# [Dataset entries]
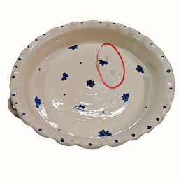 Objevte kouzlo tradičního pečení s naší ručně vyráběnou kameninovou formou na koláč nebo pizzu. Každý kus je pečlivě vytvořen s láskou a precizností, což zaručuje jedinečnost a kvalitu. Tento kus je plně funkční, ale nese kosmetickou vadu - dva otřepy zabroušené neglazované na dně pekáče (velikost cca 1cm). Viz. fotogalerie. Tato nedokonalost je pouze vizuální a nemá žádný vliv na funkčnost.
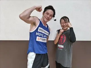久我谷隊長ーー!! 第一声は私が持っているバックを見て久我谷さんの「 あ、ポジティッパーさん!」でした。とてもソフトで爽やかな印象でした。レッスンは、一体感を大切にする楽しいものでパワーでの音楽が途中で2回も途切れちゃったのも御愛嬌ですね😄 ファイト終わったら写真をお願いしていたらレッスン終わってすぐに「どこ
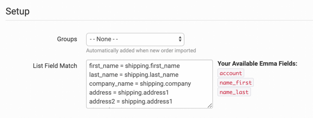Use the List Field Match to send specific order data from Order Desk into your fields in Emma. The Emma field names should be lower case, and spaces or slashes should be replaced with underscores.
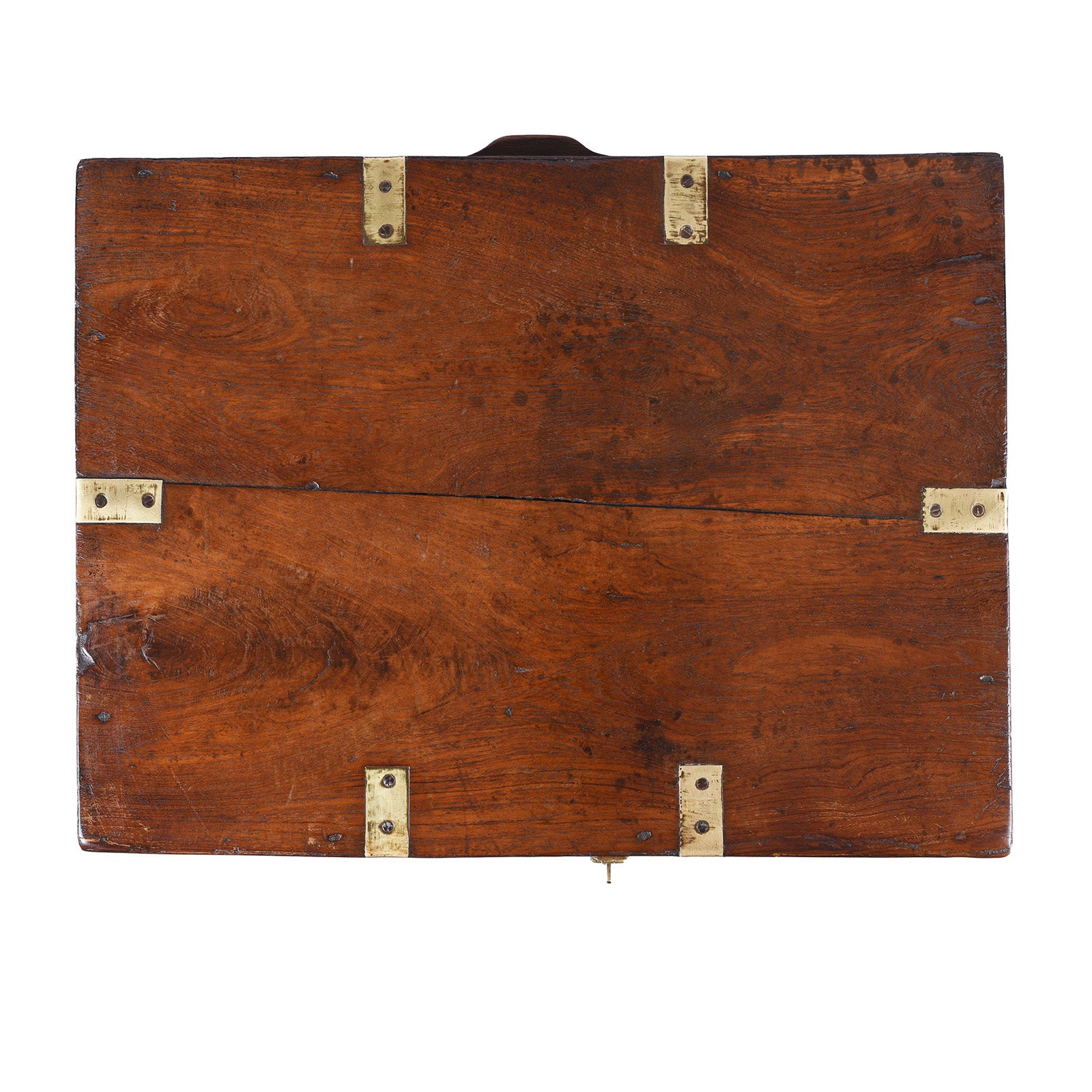 This brass-bound Anglo-Indian military chest dates to the 19th century and is a superb example of campaign furniture made for officers of the British Indian Army. Constructed from beautifully patinated teak, the chest retains its original brass and iron fittings, including strapwork, corner reinforcements, carrying handles, lock escutcheon and latch. The warmth of the timber and the depth of its surface patina reflect decades of use and careful maintenance while travelling between postings.
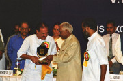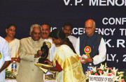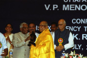 | Caption: | The President of India, Shri K R Narayanan presenting the First VP Menon Awards Instituted by the Chettur Sankaran Nair Foundation, Ottapalam at Chinmaya Auditorium in New Delhi on July 10, 2002 |

# [TASK GOAL]
Could you copy every record above exactly, leaving out the pictures?

# [ANSWER BOX]
 Objevte kouzlo tradičního pečení s naší ručně vyráběnou kameninovou formou na koláč nebo pizzu. Každý kus je pečlivě vytvořen s láskou a precizností, což zaručuje jedinečnost a kvalitu. Tento kus je plně funkční, ale nese kosmetickou vadu - dva otřepy zabroušené neglazované na dně pekáče (velikost cca 1cm). Viz. fotogalerie. Tato nedokonalost je pouze vizuální a nemá žádný vliv na funkčnost.
久我谷隊長ーー!! 第一声は私が持っているバックを見て久我谷さんの「 あ、ポジティッパーさん!」でした。とてもソフトで爽やかな印象でした。レッスンは、一体感を大切にする楽しいものでパワーでの音楽が途中で2回も途切れちゃったのも御愛嬌ですね😄 ファイト終わったら写真をお願いしていたらレッスン終わってすぐに「どこ
Use the List Field Match to send specific order data from Order Desk into your fields in Emma. The Emma field names should be lower case, and spaces or slashes should be replaced with underscores.
 This brass-bound Anglo-Indian military chest dates to the 19th century and is a superb example of campaign furniture made for officers of the British Indian Army. Constructed from beautifully patinated teak, the chest retains its original brass and iron fittings, including strapwork, corner reinforcements, carrying handles, lock escutcheon and latch. The warmth of the timber and the depth of its surface patina reflect decades of use and careful maintenance while travelling between postings.
 | Caption: | The President of India, Shri K R Narayanan presenting the First VP Menon Awards Instituted by the Chettur Sankaran Nair Foundation, Ottapalam at Chinmaya Auditorium in New Delhi on July 10, 2002 |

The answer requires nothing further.